北京を含む中国北部は例年小雨に悩んでおり、水不足は深刻化どころか危機的な状況にある。それを打破すべく数年前から雲にミサイルを撃ち込み、人工雨を降らせる実験は行われている(リンク)。また降雨によって気温を下げ、これまた危機的な状況にある電力需要を少しでも少なくする目的もあるようだ。確かにこの人工降雨はそれなりの実績を上げているようで、それなりの降雨量により北京市周辺の水不足解消に一役買っているらしい。またもう一つの思惑通り気温も若干ではあるが低下方向にあるとのこと。中国の軍備も、アメリカや台湾、そして日本を威嚇するだけが能ではないというわけか。って、こんなことを書くと公安に目をつけられたりして。
ただこの人工降雨作戦が同僚の言うようなこの湿気の原因であるかは何とも言えないような気がする。空に向けて大規模にミサイルをぶっ放すならまだしも、水源近辺にポンポンと打つだけで、北京市をすっぽり覆うような広範囲に渡る雲を作り出すことができるのだろうか。

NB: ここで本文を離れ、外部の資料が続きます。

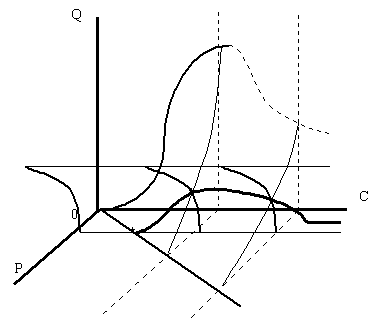 Необычность поведения кривой равновесия обнаруживается уже на первой проекции, а именно на рисунке 5. Дело в том, что кривая равновесия представляет собой в данном случае уже сложную фигуру, а не кривую в строгом математическом смысле - одному значению фактора соответствует два значения аргумента и наоборот. До точки перелома, которая обозначена на рисунке 5, равновесная кривая ведет себя нормальным образом, однако при достижении поверхностью предложения линии максимальных объемов и совпадении с ней кривая раздваивается и превращается уже в фигуру, а не кривую.
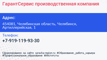ГарантСервис, производственная компания по адресу 454081, Челябинская область, Челябинск, Артиллерийская, 1 в дальнейшем Организация, размещена в следующих категориях: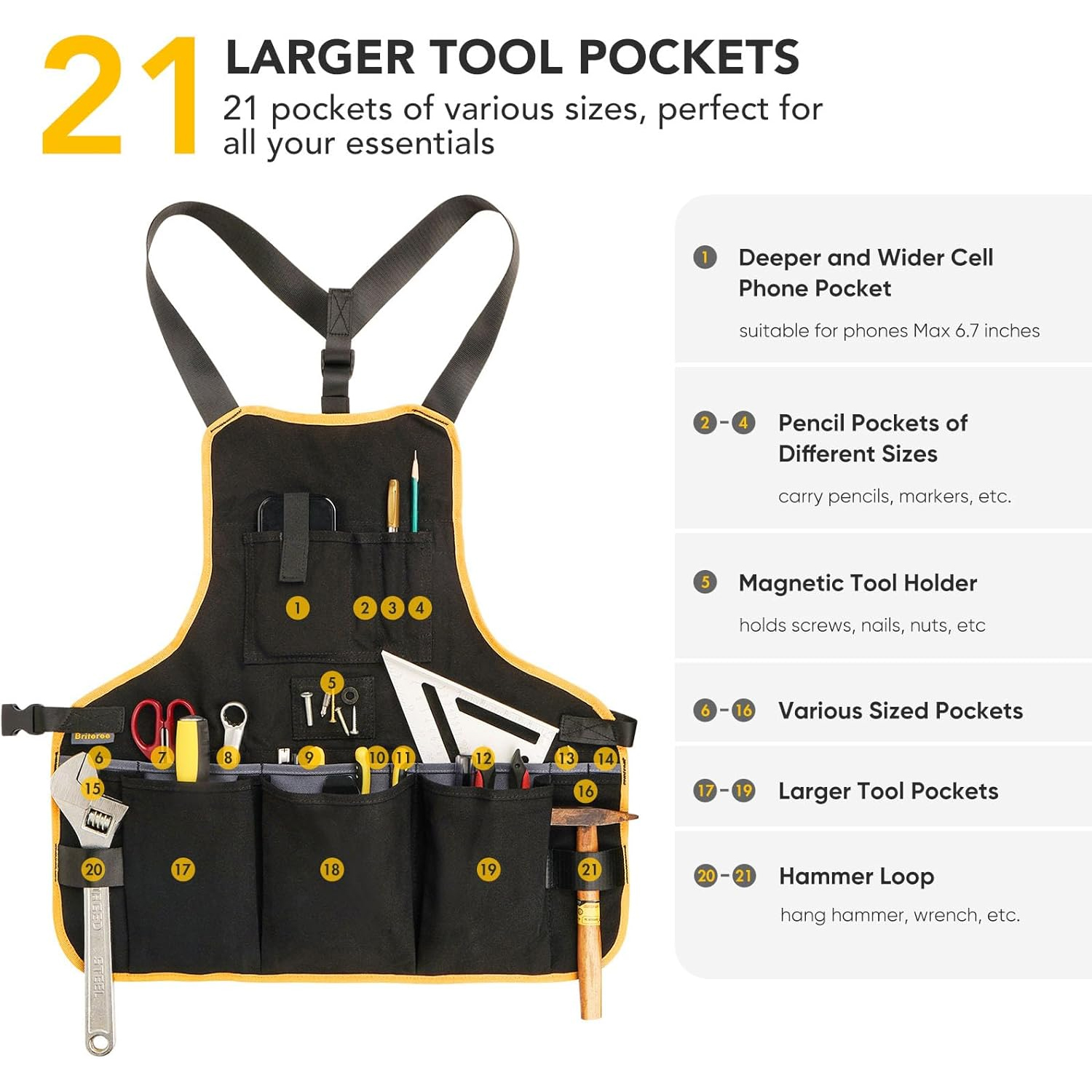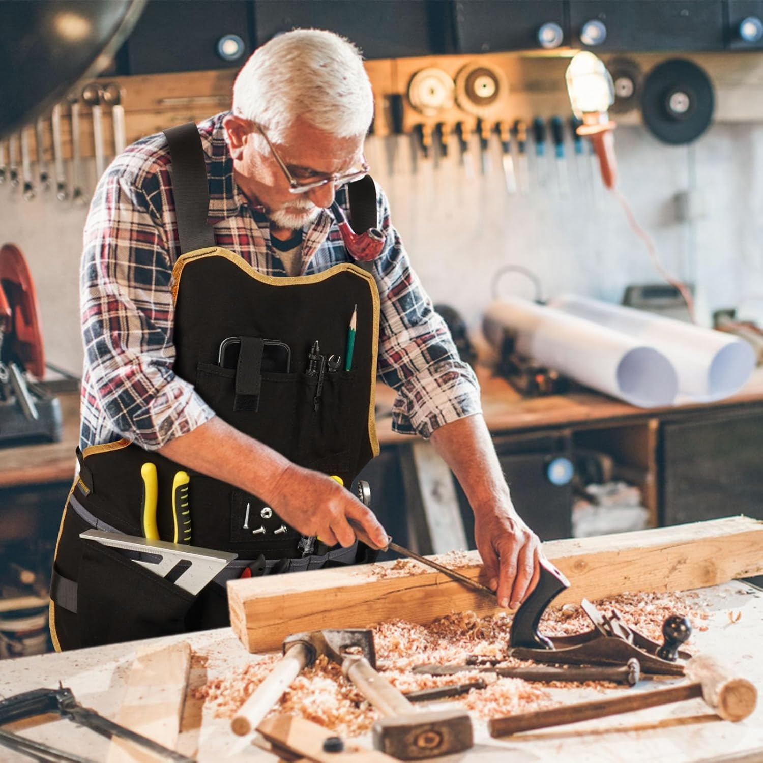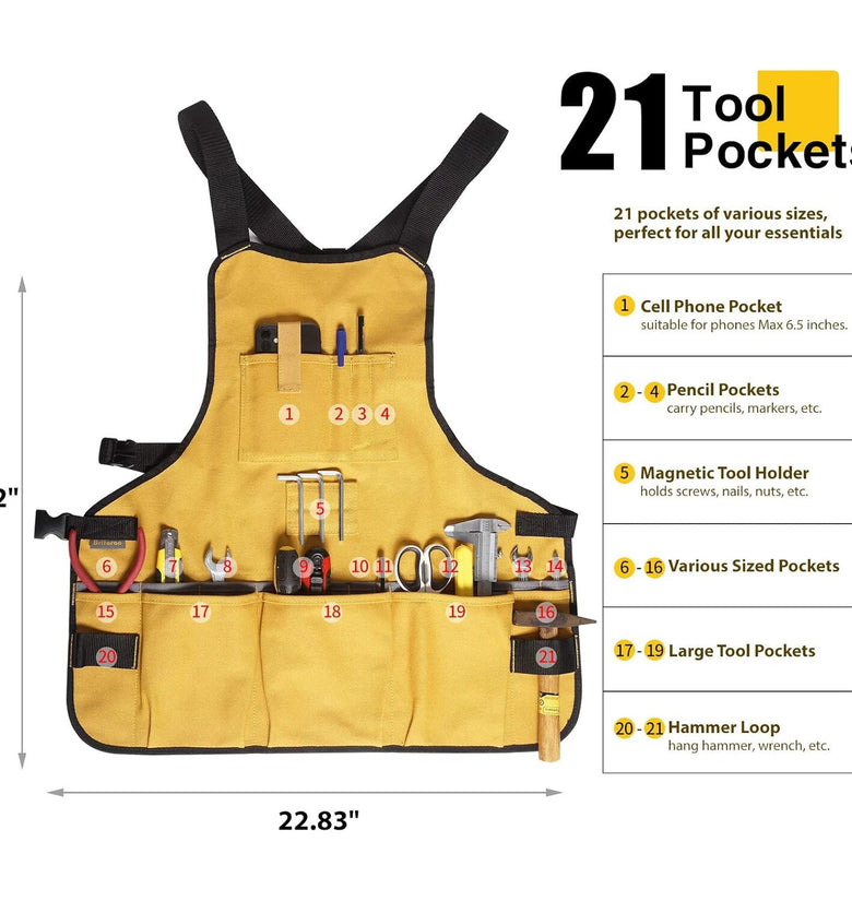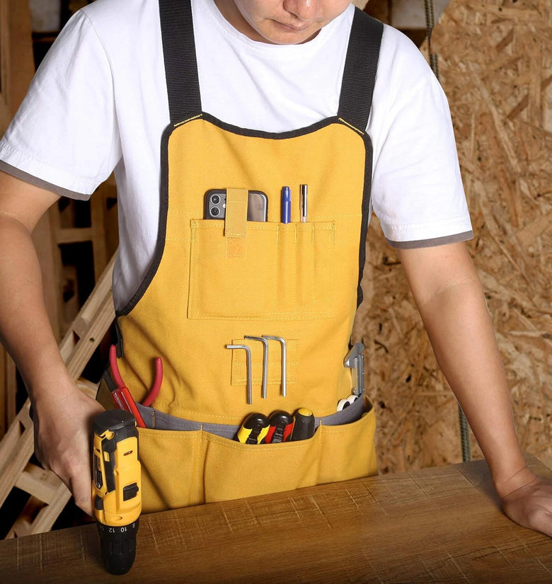 1.Ample Storage with 21 Pockets: This work apron includes 21 well-organized pockets in various sizes to fit your essential tools, such as screwdrivers, pliers, scissors—even crafting supplies. A practical companion for woodworkers, mechanics, and DIY enthusiasts.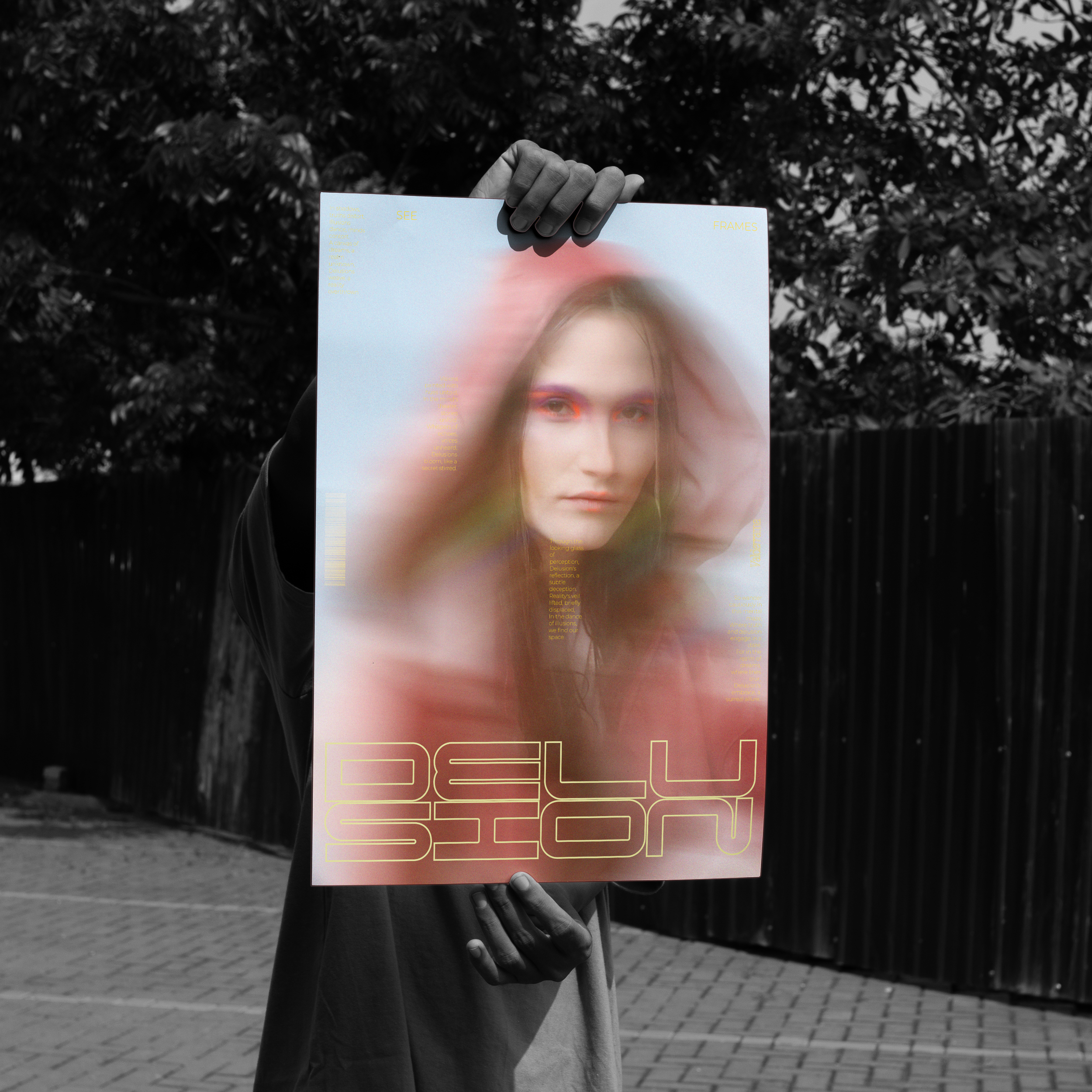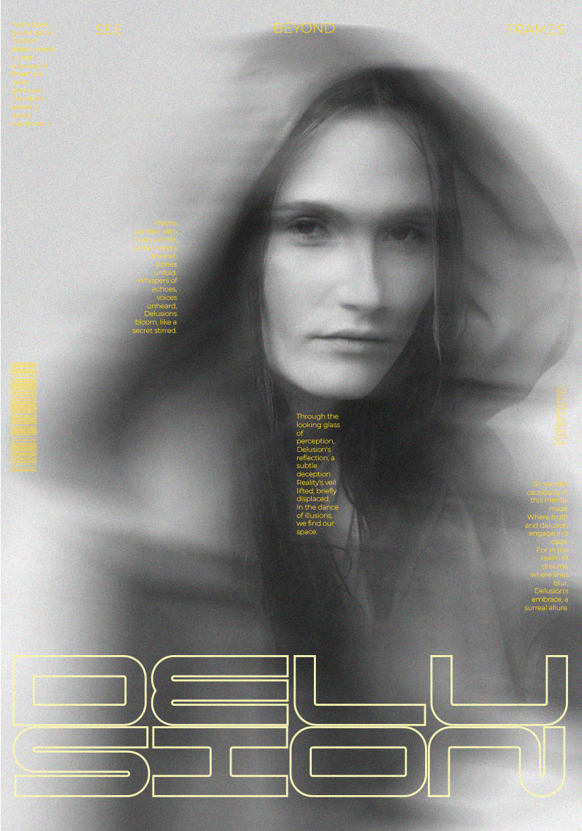 "DELUSION" is an editorial photo project that explores the concept of delusion. Through carefully constructed compositions and post-production distortion effects, the five posters visually alter the perception of reality. Mirrored images, multiplied scenes, and disjointed backgrounds create a dreamlike, dissonant atmosphere.

ちなみに報道によると、昨日の電力使用量は史上最高になったとのこと。この蒸し暑さで市民の誰もがクーラーを全開にした結果であろう。このままこの暑さが続くと、最悪の場合停電も余儀なくされる恐れがあるそうである。別の報道では、かなり多くの企業が「高温休暇」と言う名目で一週間休んでいるようでもある。これも電力事情を少しでも減らそうとする苦肉の策ではあるが、これもこのまま続くと経済状況にも悪影響を及ぼしかねない。仮に同僚の言うように本当に人工降雨のせいで蒸し暑くなったのだとすると、水はあっても今度は電気がないという、なんとも皮肉な結果となってしまったわけだが、はたしてどうか。